**Records for the task**:
========================================
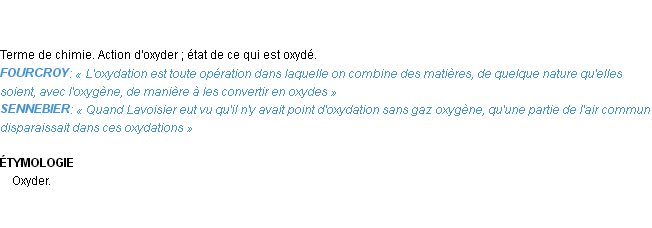 Signification éditée en 1932 pour le terme « oxydation » par l’Académie Française.
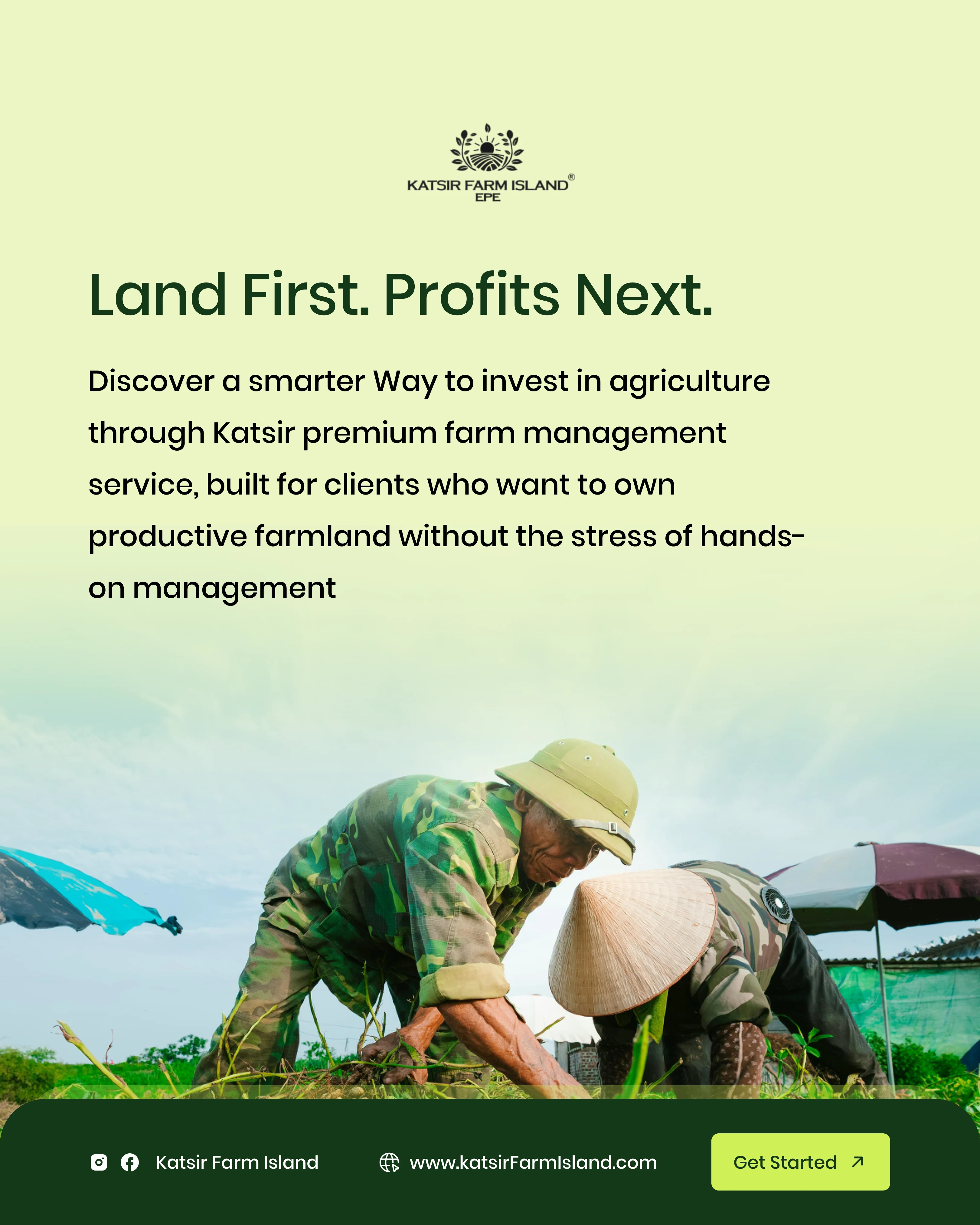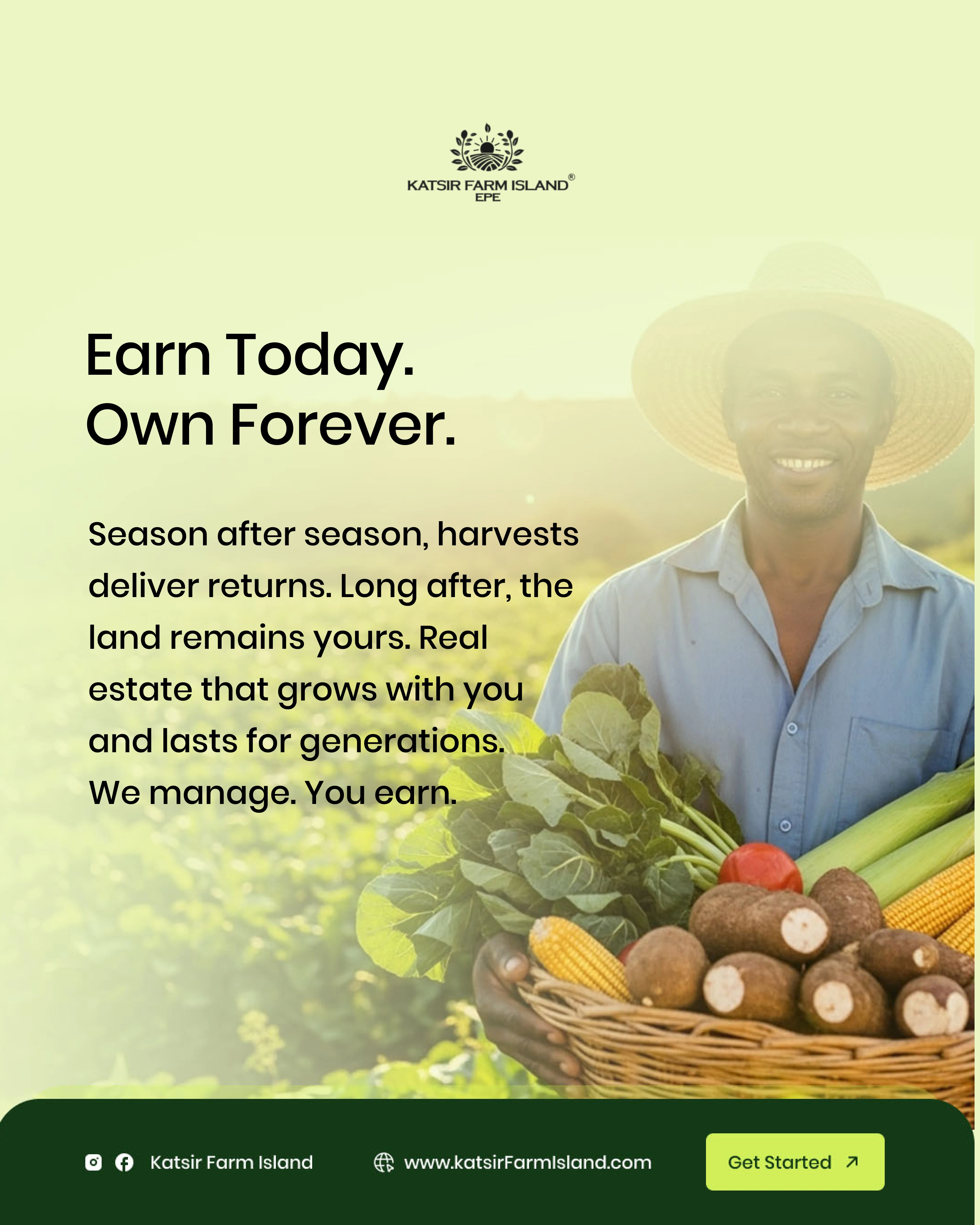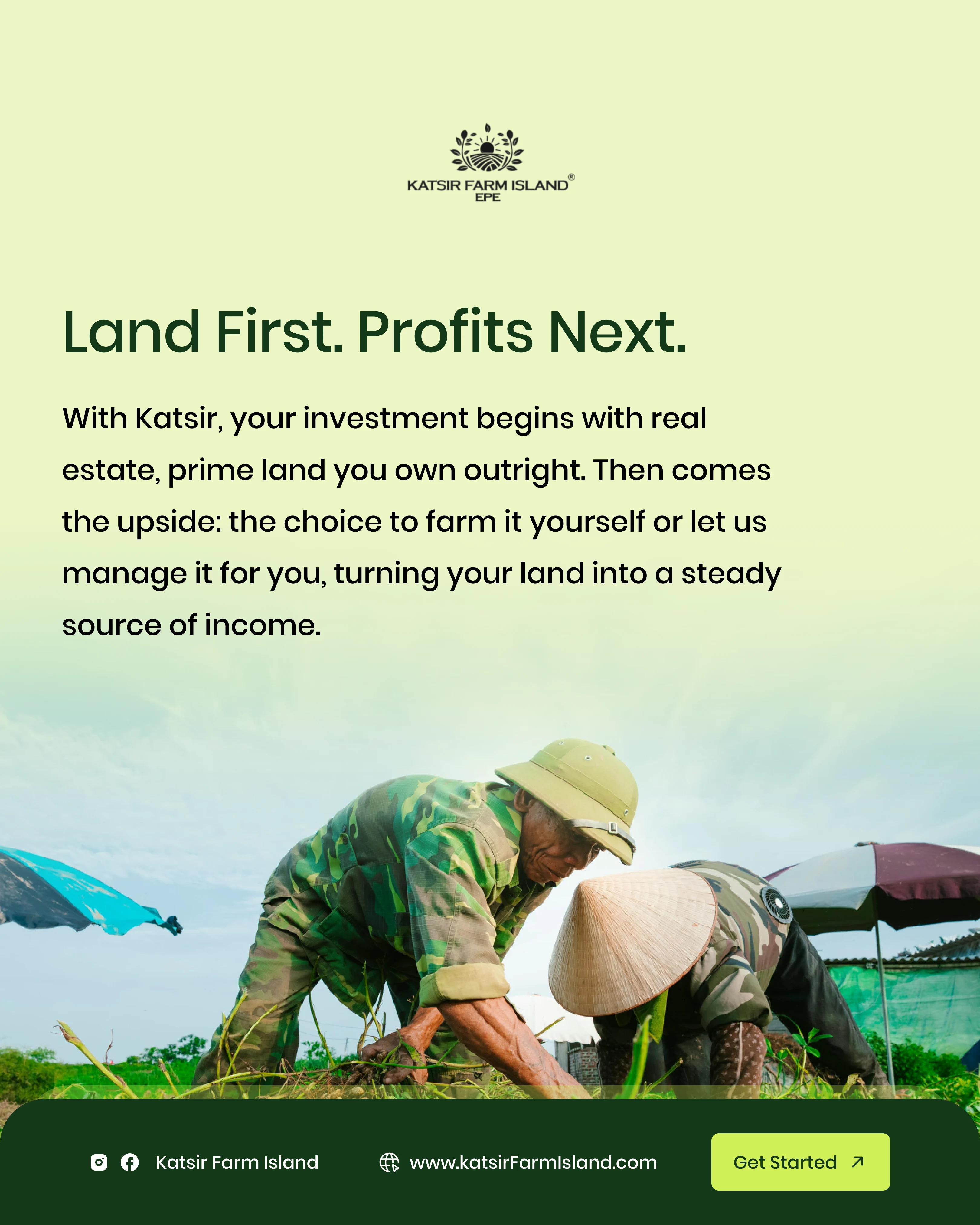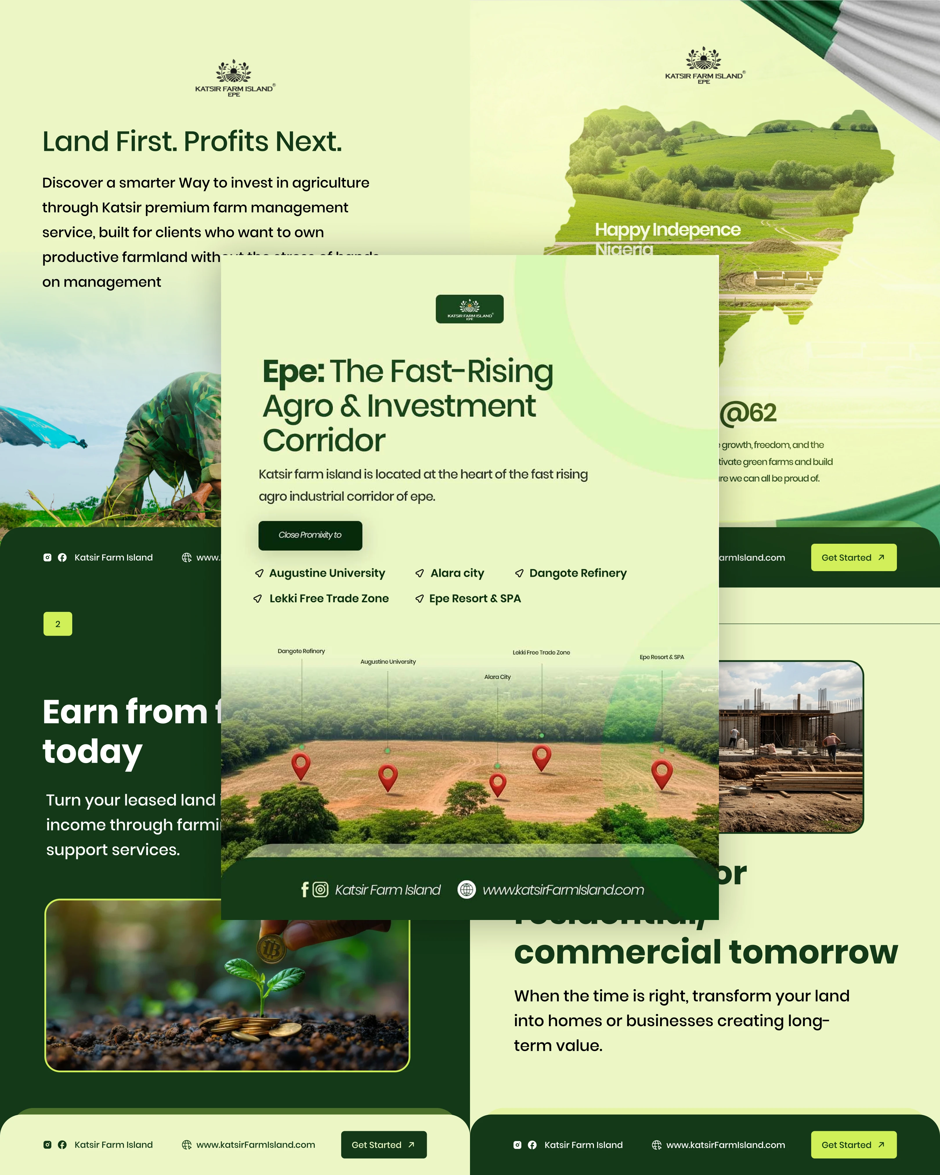 Project Description: Katsiri Farm Island - Investment & Lead Generation The Client: Katsiri Farm Island, a premium service offering managed agricultural land investment with a focus on future commercial transformation. The Goal: To design compelling digital assets to generate high-quality investor leads by clearly communicating the dual benefits of immediate agricultural income and long-term capital growth. My Solution (Creative Strategy): Trust & Value: Used a clean, deep-green and white color palette to symbolize growth, stability, and professionalism, which is essential for investment products. Strategic Communication: Focused content on key financial drivers: "Land First. Profits Next." and "Epe: The Fast-Rising Investment Corridor." Data Visualization: Created clear, simple map graphics and proximity indicators to prove the land's strategic value near major developments (e.g., Dangote Refinery, Universities). Long-Term Vision: Designed assets showcasing the progression from
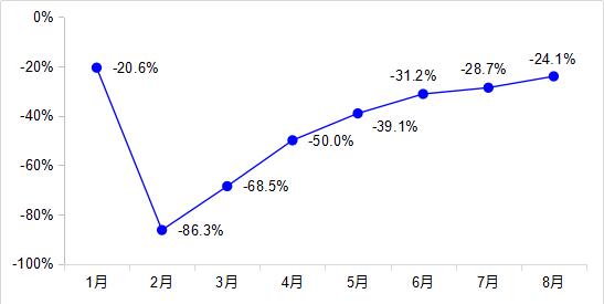 8月,完成營(yíng)業(yè)性客運(yùn)量9.8億人,恢復(fù)至去年同期的62.2%,恢復(fù)程度較7月提高4.2個(gè)百分點(diǎn),其中公路營(yíng)業(yè)性客運(yùn)量下降39.6%、水路客運(yùn)量下降41.2%。
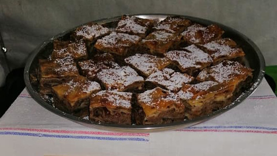 Posudu za pečenje potrebno je podmazati maslacem ili margarinom. Potom stavite tanko razvučen prvi mlinac, po njemu stavljajte ploške jabuka, posipite šećerom i cimetom, te poškropite s 3 žlice rastopljenog maslaca. Na to stavite drugi mlinac – posipite orasima, šećerom, polijte rastopljenim maslacem, te poškropite vrhnjem. Na red dolazi treći mlinac koji posipite grožđicama, šećerom, polijte maslacem i vrhnjem. S četvrtim mlincem kreće sve ispočetka – jabuke, šećer, cimet, maslac; peti mlinac – orasi, šećer, maslac, vrhnje; šesti mlinac – grožđice, šećer, maslac i vrhnje; sedmi mlinac – po treći put jabuke, šećer, cimet, maslac i vrhnje, a zadnji, osmi premažite samo vrhnjem.
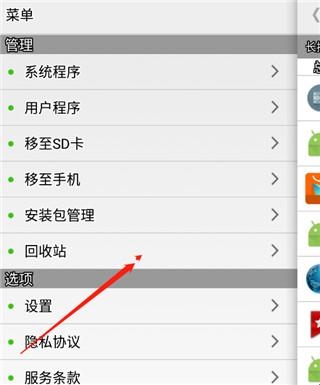 1、打开在本站安装的System app remover,点击左上方显示菜单找到回收站
========================================
**What to do**: An exact copy is needed of the stretch above that opens with the line containing "Project Description: Katsiri" and closes with the line containing "8月,完成營(yíng)業(yè)性客運"; the pictures are not part of it.

**Response to the exercise**:
 Project Description: Katsiri Farm Island - Investment & Lead Generation The Client: Katsiri Farm Island, a premium service offering managed agricultural land investment with a focus on future commercial transformation. The Goal: To design compelling digital assets to generate high-quality investor leads by clearly communicating the dual benefits of immediate agricultural income and long-term capital growth. My Solution (Creative Strategy): Trust & Value: Used a clean, deep-green and white color palette to symbolize growth, stability, and professionalism, which is essential for investment products. Strategic Communication: Focused content on key financial drivers: "Land First. Profits Next." and "Epe: The Fast-Rising Investment Corridor." Data Visualization: Created clear, simple map graphics and proximity indicators to prove the land's strategic value near major developments (e.g., Dangote Refinery, Universities). Long-Term Vision: Designed assets showcasing the progression from
 8月,完成營(yíng)業(yè)性客運(yùn)量9.8億人,恢復(fù)至去年同期的62.2%,恢復(fù)程度較7月提高4.2個(gè)百分點(diǎn),其中公路營(yíng)業(yè)性客運(yùn)量下降39.6%、水路客運(yùn)量下降41.2%。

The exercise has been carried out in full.